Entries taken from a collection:

_ _ _ _ _ _ _

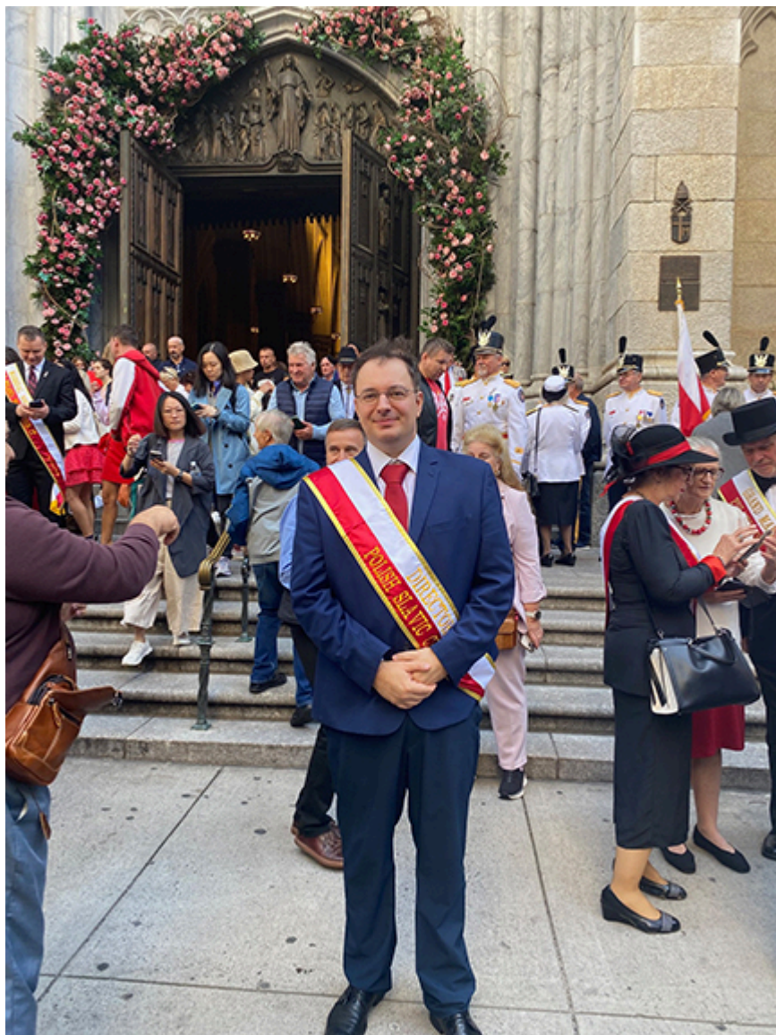
Po Mszy przed Katedrą św. Patryka w Dniu Parady

Zjednoczone to duży kraj, trochę też zróżnicowany stanowo, ale jest więcej możliwości prezentowania muzyki kameralnej, natomiast orkiestrowo wydaje mi się jest trudniej. Ale można usłyszeć fenomenalne interpretacje historyczne wykonywane przez takie orkiestry jak te z: Cleveland, Filadelfii, Chicago, Pittsburgha, czy posłuchać oper w: Metropolitan Opera. Muzyki najnowszej nie ma tak wiele w programach i stanowi mały procent.
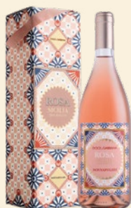
Rosa Sicilia Doc Rosato Nerello Mascalese, Nocera

La cura dei dettagli e la passione per la Sicilia uniscono Dolce&Gabbana e Donnafugata in una collaborazione in cui si incontrano creatività e artigianalità ; nasce così una collezione di vini straordinari ambasciatori dei colori, dei profumi e della cultura siciliana nel mondo: il seducente rosato Rosa , l'avvolgente bianco Isolano , l'elegante rosso Cuordilava e il prestigioso Tancredi .
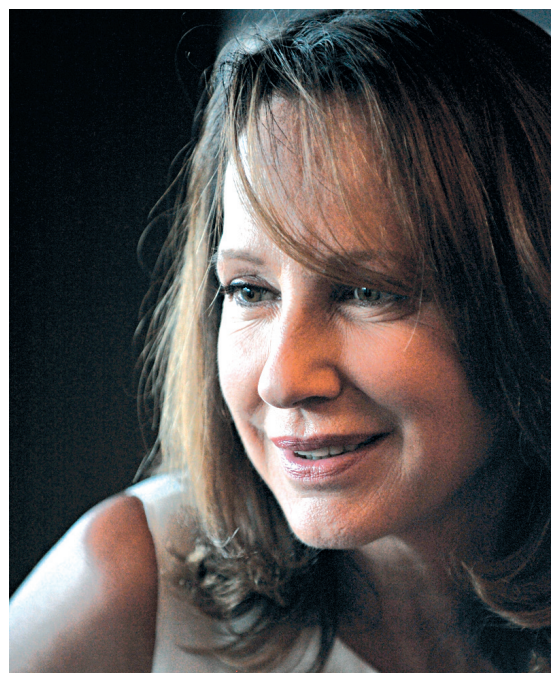
La présidente du jury du Festival d'Angoulême, Nathalie Baye

_ _ _ _ _ _ _

- **TO DO**
The lines above must be transcribed exactly, with every picture left out.

- **ANSWER BELOW**
Po Mszy przed Katedrą św. Patryka w Dniu Parady

Zjednoczone to duży kraj, trochę też zróżnicowany stanowo, ale jest więcej możliwości prezentowania muzyki kameralnej, natomiast orkiestrowo wydaje mi się jest trudniej. Ale można usłyszeć fenomenalne interpretacje historyczne wykonywane przez takie orkiestry jak te z: Cleveland, Filadelfii, Chicago, Pittsburgha, czy posłuchać oper w: Metropolitan Opera. Muzyki najnowszej nie ma tak wiele w programach i stanowi mały procent.
Rosa Sicilia Doc Rosato Nerello Mascalese, Nocera

La cura dei dettagli e la passione per la Sicilia uniscono Dolce&Gabbana e Donnafugata in una collaborazione in cui si incontrano creatività e artigianalità ; nasce così una collezione di vini straordinari ambasciatori dei colori, dei profumi e della cultura siciliana nel mondo: il seducente rosato Rosa , l'avvolgente bianco Isolano , l'elegante rosso Cuordilava e il prestigioso Tancredi .
La présidente du jury du Festival d'Angoulême, Nathalie Baye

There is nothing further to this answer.